WORK TO BE COMPLETED
Would you please set down the data again exactly as given, excluding the pictures?

*** EXTRACTED INFORMATION Section Begins ***

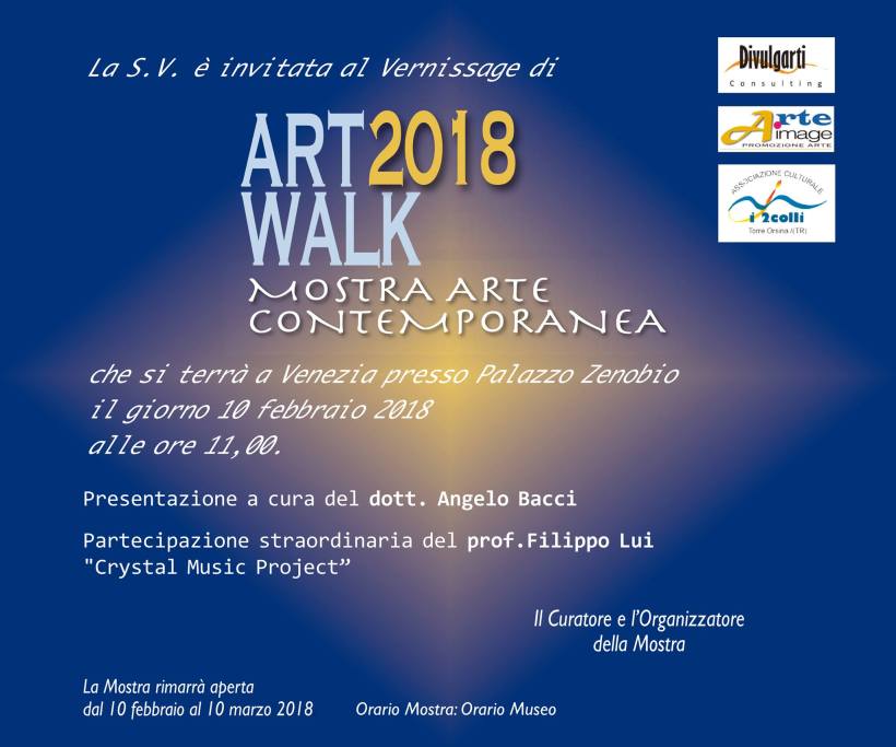 In occasione del Carnevale di Venezia, la mostra “Art Walk 2018” verrà inaugurata alle ore 11:00 di sabato 10 Febbraio nella nota location veneziana di Palazzo Zenobio e resterà aperta al pubblico fino al 10 Marzo in orario di museo.
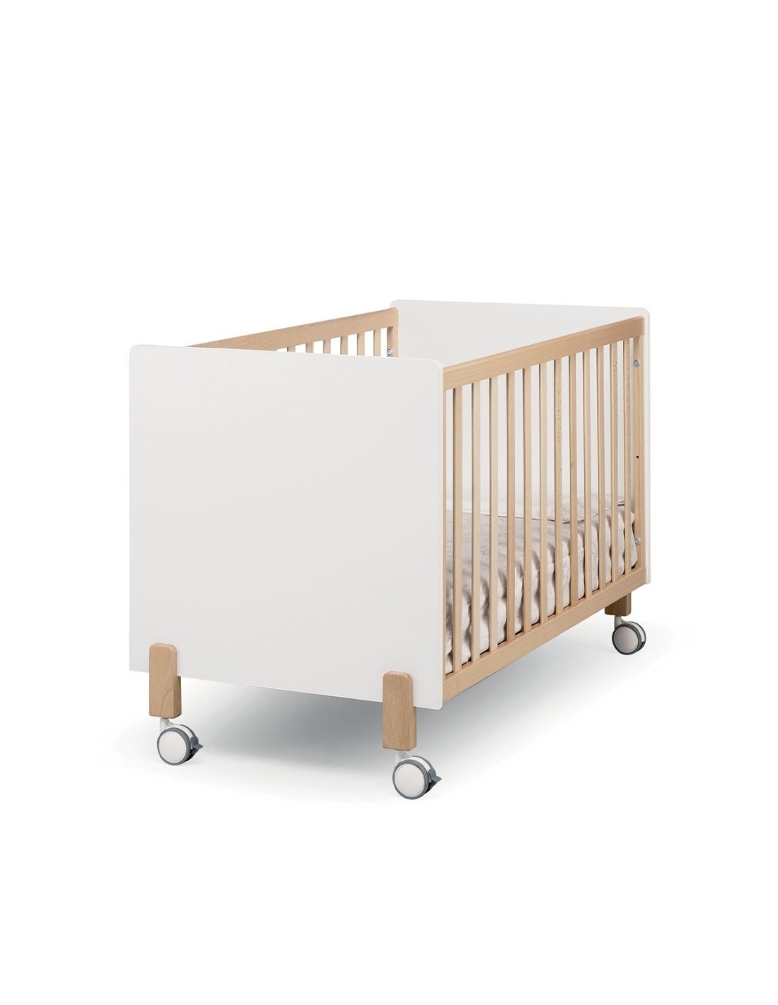 Il lettino della collezione Little di Erbesi è dotato di due posizioni della rete,Grazie a poche e facili modifiche, togliendo le ruote e una delle due sponde fisse, si può trasformare in lettino montessoriano.
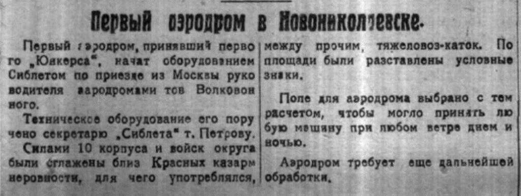 Первый аэродром, принявший первого "Юнкерса", начат оборудованием Сиблетом по приезде из Москвы руководителя аэродромами тов.Волковойного.
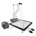 – Un plateau sérigraphié de dimensions 220x200mm environ avec trou central et équipé de 2 poulies à roulement à billes et pouvant coulisser sur toute la largeur du plateau;
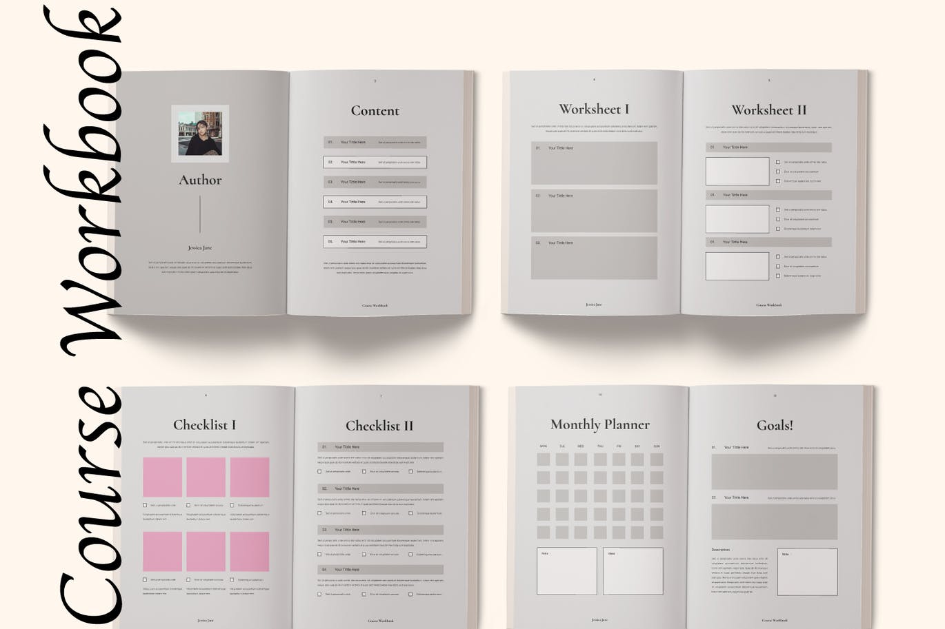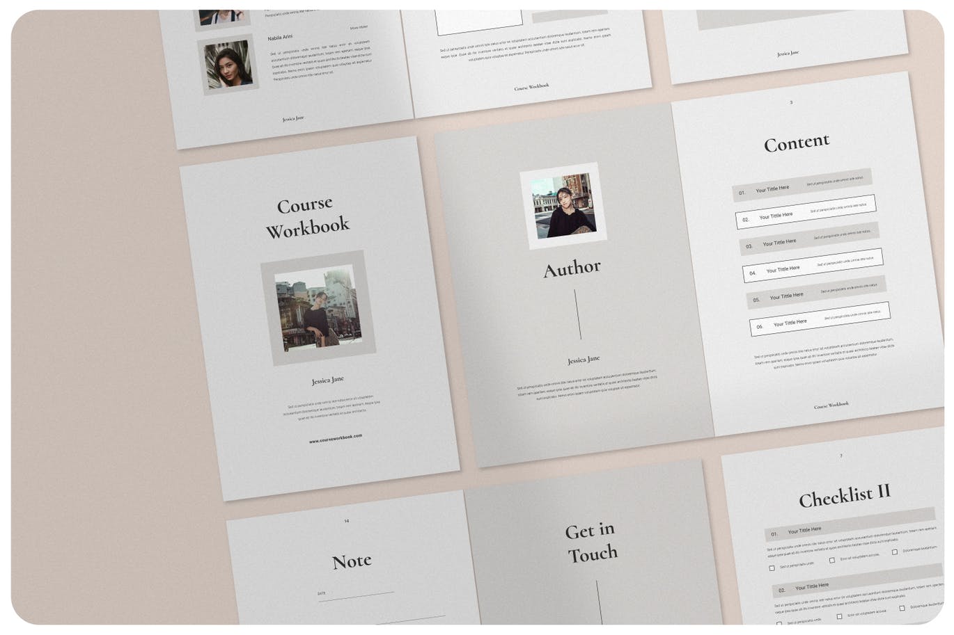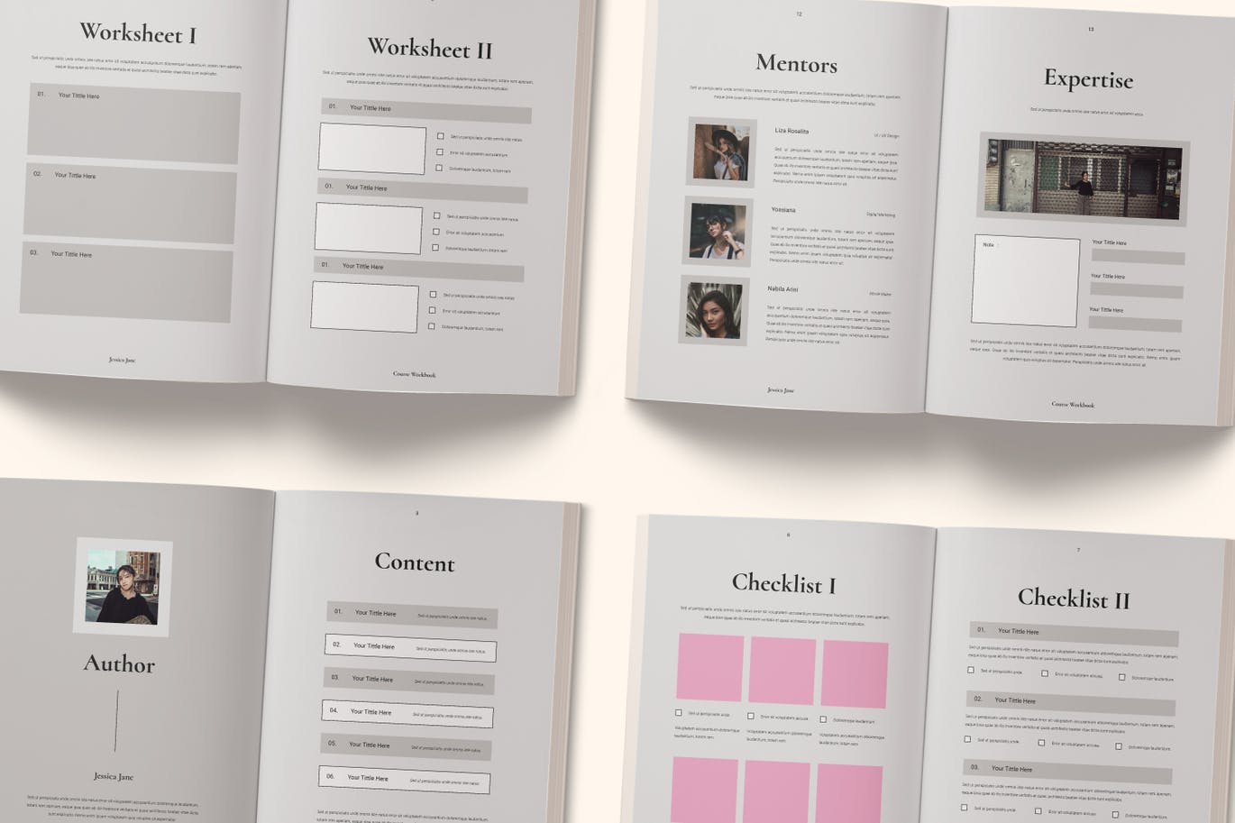 这次老不湿分享的是,时尚高端简约清新多用途的高品质课程工作簿品牌手册画册宣传册杂志房地产楼书设计模板-2,这是一本16页的工作簿 课程工作簿是一种由激情和爱心制成的最小设计风格的工作簿。
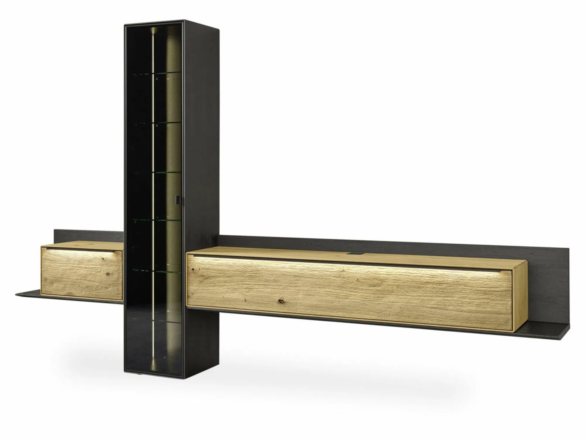 · Lowboard hängend mit Paneel und einem Schubkasten mit Akzent
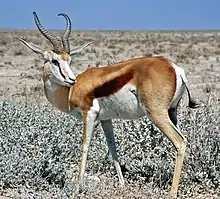 Much of the interior of Southern Africa consists of a high plateau, the higher portions 1,500–2,100 m (4,900–6,900 ft) of which are known as the Highveld, starting at the Drakensberg escarpment, 220 km (140 mi) to the east of Johannesburg and sloping gradually downwards to the west and south west, as well as to the north, through the Bushveld towards the Limpopo river.[7] These higher, cooler areas (generally more than 1,500 metres or 4,900 feet above sea level) are characterised by flat or gently undulating terrain, vast grasslands and a modified tropical or subtropical climate. To the east, the Highveld's border is marked by the Great Escarpment, or the Mpumalanga Drakensberg, but in the other directions the boundary is not obvious and often arbitrary. The blesbok and quagga were among the large animals that once roamed on the highveld in great numbers. Nowadays there still is a sizeable population of springbok in some areas,[8] though much of the area is devoted to commercial farming and South Africa's largest conurbation (Gauteng Province).
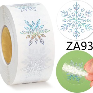 500张金箔雪花贴纸卷透明全息圣诞标签圆形自粘圣诞节冬季信封贴
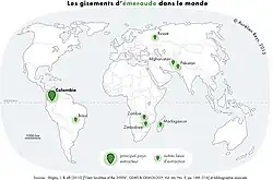As principais jazidas de esmeraldas são colombianas, mas podem ser encontradas também no Brasil — na Serra da Carnaíba na Bahia; em Itabira nas Minas Gerais; e em Campos Verdes em Goiás —, na Rússia, no Zimbábue e no Afeganistão.
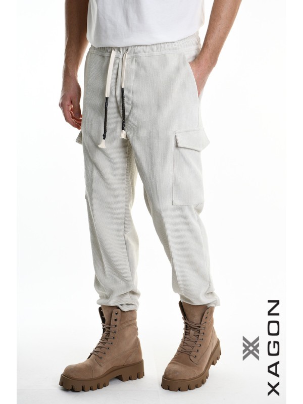 XAGON MAN Corduroy Cargo Pants 2ZUP70V Ecru
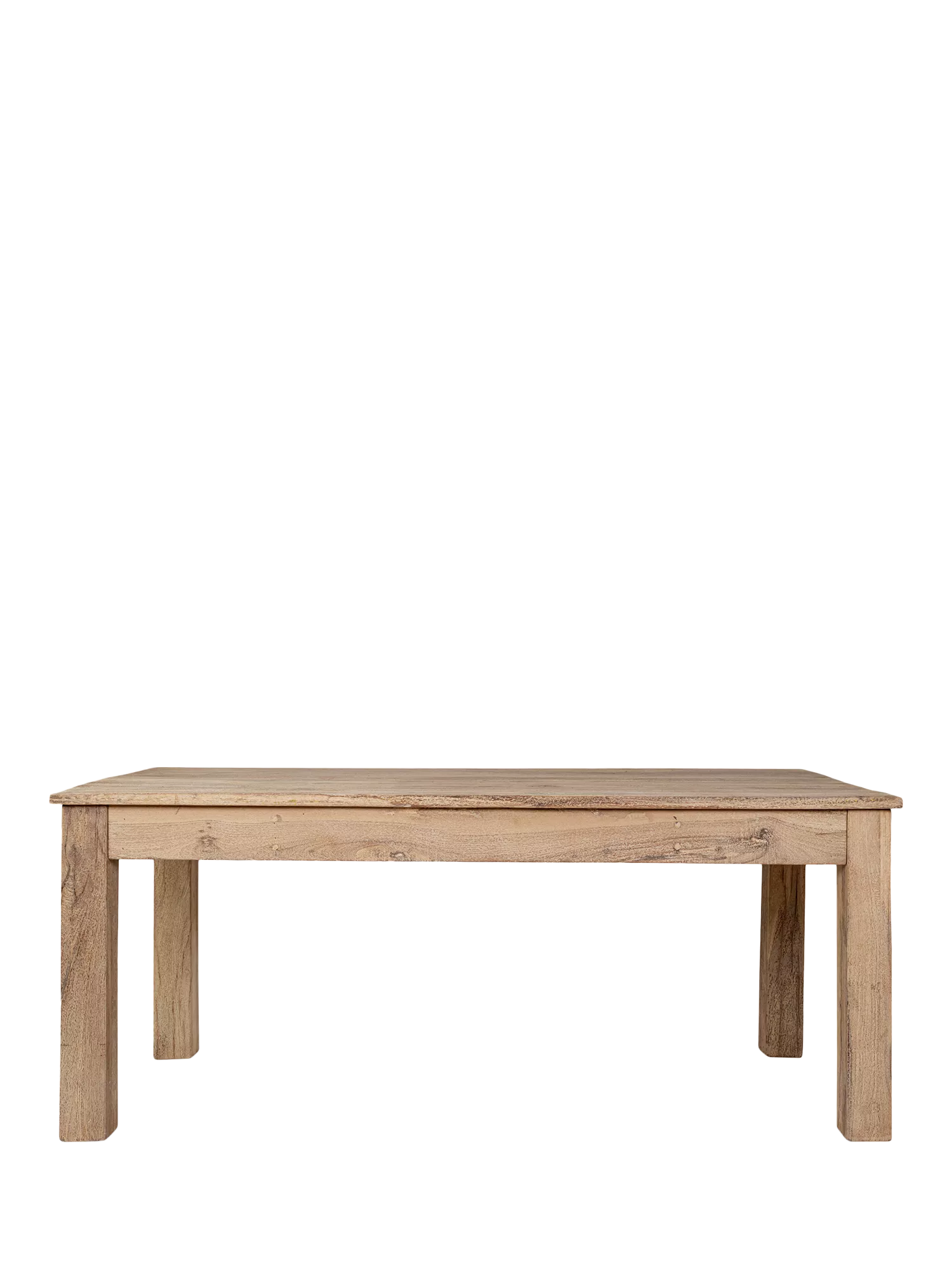Sanded and lightly finished with a white wash, the mixed woods that make up this table are harmonised in appearance yet still allow for subtle variations in tone and grain to shine through. A recessed drawer with antique brass handle is the finishing touch that lends a laidback farmhouse aesthetic to the overall look of this perfectly proportioned table.
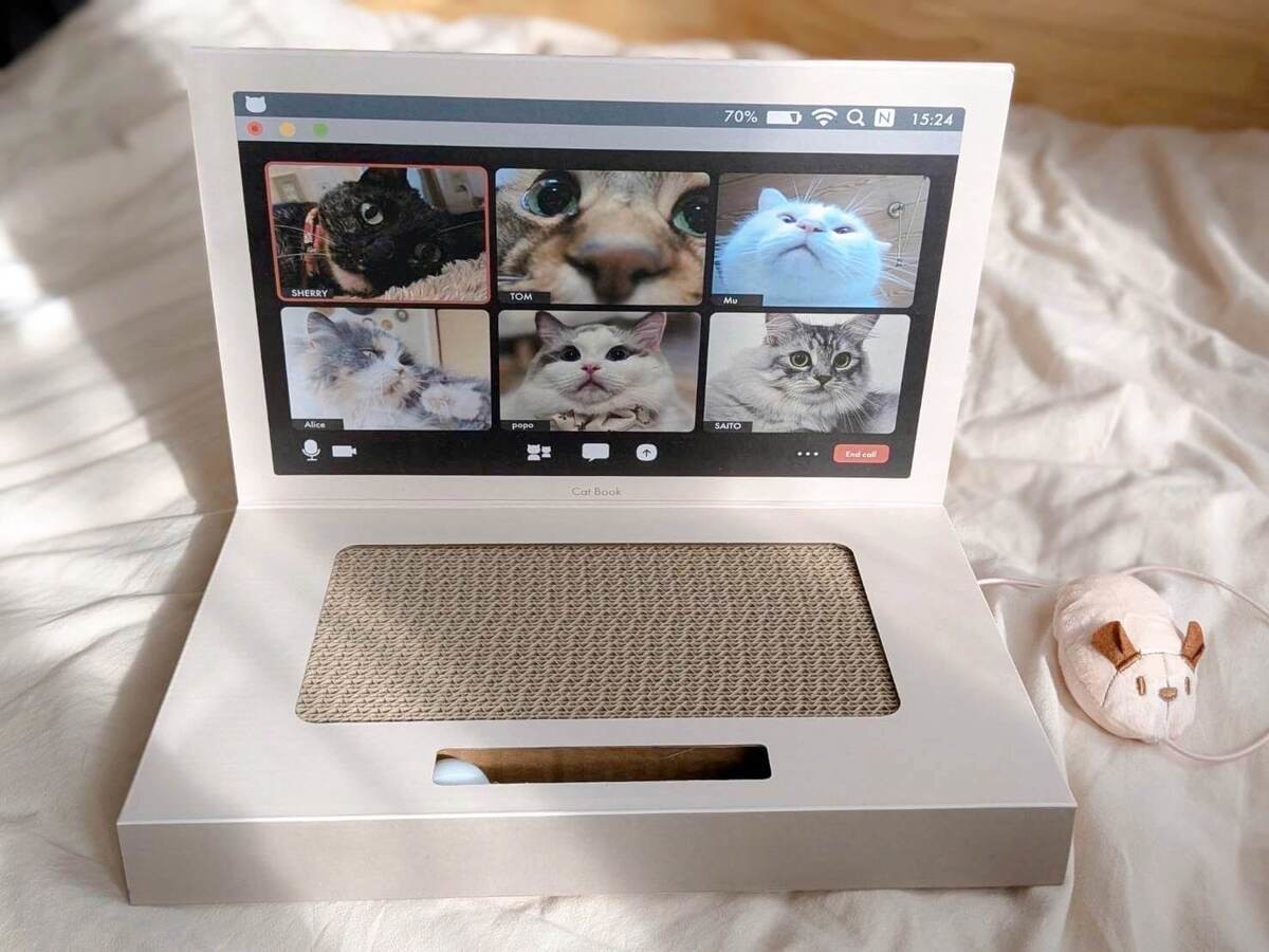 この商品は、あくまで「爪とぎをするとリモート会議しているように見える、うちの可愛い子を愛でるグッズ」もしくは「うちの自慢の可愛い子ちゃんをもっと可愛くするグッズ」です。
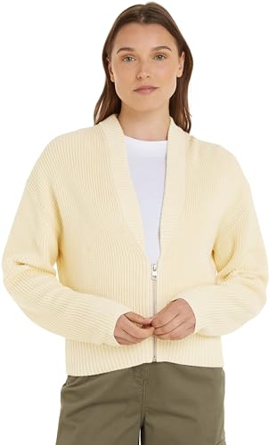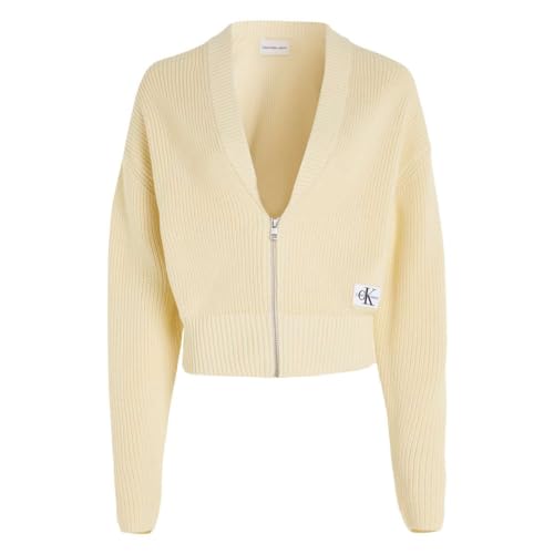 Calvin Klein Jeans Dam vävd etikett kofta med dragkedja, Vanilj, L
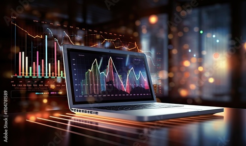 The watermark will not be included on Wall mural.: Laptop with binary code on screen

*** EXTRACTED INFORMATION Section Ends ***

RESPONSE FOR THIS EXERCISE
 In occasione del Carnevale di Venezia, la mostra “Art Walk 2018” verrà inaugurata alle ore 11:00 di sabato 10 Febbraio nella nota location veneziana di Palazzo Zenobio e resterà aperta al pubblico fino al 10 Marzo in orario di museo.
 Il lettino della collezione Little di Erbesi è dotato di due posizioni della rete,Grazie a poche e facili modifiche, togliendo le ruote e una delle due sponde fisse, si può trasformare in lettino montessoriano.
 Первый аэродром, принявший первого "Юнкерса", начат оборудованием Сиблетом по приезде из Москвы руководителя аэродромами тов.Волковойного.
 – Un plateau sérigraphié de dimensions 220x200mm environ avec trou central et équipé de 2 poulies à roulement à billes et pouvant coulisser sur toute la largeur du plateau;
 这次老不湿分享的是,时尚高端简约清新多用途的高品质课程工作簿品牌手册画册宣传册杂志房地产楼书设计模板-2,这是一本16页的工作簿 课程工作簿是一种由激情和爱心制成的最小设计风格的工作簿。
 · Lowboard hängend mit Paneel und einem Schubkasten mit Akzent
 Much of the interior of Southern Africa consists of a high plateau, the higher portions 1,500–2,100 m (4,900–6,900 ft) of which are known as the Highveld, starting at the Drakensberg escarpment, 220 km (140 mi) to the east of Johannesburg and sloping gradually downwards to the west and south west, as well as to the north, through the Bushveld towards the Limpopo river.[7] These higher, cooler areas (generally more than 1,500 metres or 4,900 feet above sea level) are characterised by flat or gently undulating terrain, vast grasslands and a modified tropical or subtropical climate. To the east, the Highveld's border is marked by the Great Escarpment, or the Mpumalanga Drakensberg, but in the other directions the boundary is not obvious and often arbitrary. The blesbok and quagga were among the large animals that once roamed on the highveld in great numbers. Nowadays there still is a sizeable population of springbok in some areas,[8] though much of the area is devoted to commercial farming and South Africa's largest conurbation (Gauteng Province).
 500张金箔雪花贴纸卷透明全息圣诞标签圆形自粘圣诞节冬季信封贴
As principais jazidas de esmeraldas são colombianas, mas podem ser encontradas também no Brasil — na Serra da Carnaíba na Bahia; em Itabira nas Minas Gerais; e em Campos Verdes em Goiás —, na Rússia, no Zimbábue e no Afeganistão.
 XAGON MAN Corduroy Cargo Pants 2ZUP70V Ecru
Sanded and lightly finished with a white wash, the mixed woods that make up this table are harmonised in appearance yet still allow for subtle variations in tone and grain to shine through. A recessed drawer with antique brass handle is the finishing touch that lends a laidback farmhouse aesthetic to the overall look of this perfectly proportioned table.
 この商品は、あくまで「爪とぎをするとリモート会議しているように見える、うちの可愛い子を愛でるグッズ」もしくは「うちの自慢の可愛い子ちゃんをもっと可愛くするグッズ」です。
 Calvin Klein Jeans Dam vävd etikett kofta med dragkedja, Vanilj, L
 The watermark will not be included on Wall mural.: Laptop with binary code on screen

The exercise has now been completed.